Hello everyone, my name is Richard Phillips and I am excited to share a different take on a classic archetype, UW Midrange. In fact, UW Midrange was the first “real” modern deck that I owned. It had great matchups against other fair decks, but struggled mightily against combo decks. However, with the meta shifting in the wake of the recent unbans of Bloodbraid Elf and Jace the Mind Sculptor, now is a great time to reexamine this archetype.
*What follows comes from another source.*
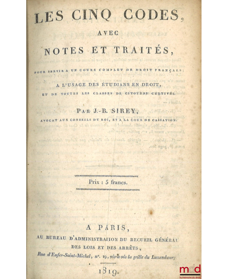 (Dupin n° 1375). Exceptionnel ouvrage qui est composé d’abord du texte complet des cinq grands codes et de la charte de 1814 mais surtout, dans sa 2e partie très substantielle, d’une dissertation intitulée « Du droit en général, de son essence et de son objet », d’un répertoire de notes de jurisprudence sur le cinq codes (classé par n° d’articles), d’une reprise de l’ouvrage publié par S. la même année « du Conseil d’État selon la charte constitutionnelle » et d’une étude de la procédure suivie devant la Cour de Cassation comprenant notamment les références de l’ensemble des arrêts rendus en matière de pourvoi en cassation par cette Cour jusqu’à la date d’édition. Ouvrage rare.
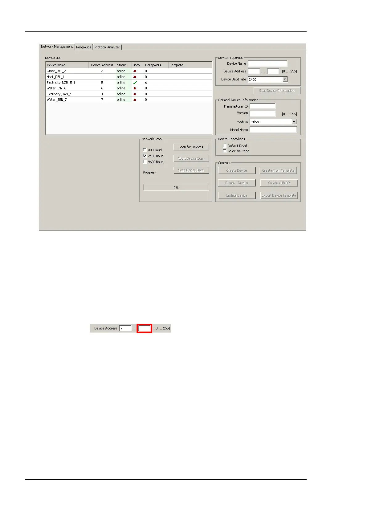 1. Fill in the Device Address and select a Device Baudrate from the drop down box.

At first, many players assumed that jamming some number of Jace, the Mind Sculptor in their UW shells was the correct way to face the new meta. This approach appears to have had only limited success, and player are beginning to cut back on the number of Jace they are playing. Instead of trying to shove some Jace in an old deck, we are going to look at a deck that moves away from Jace and towards Gideon instead.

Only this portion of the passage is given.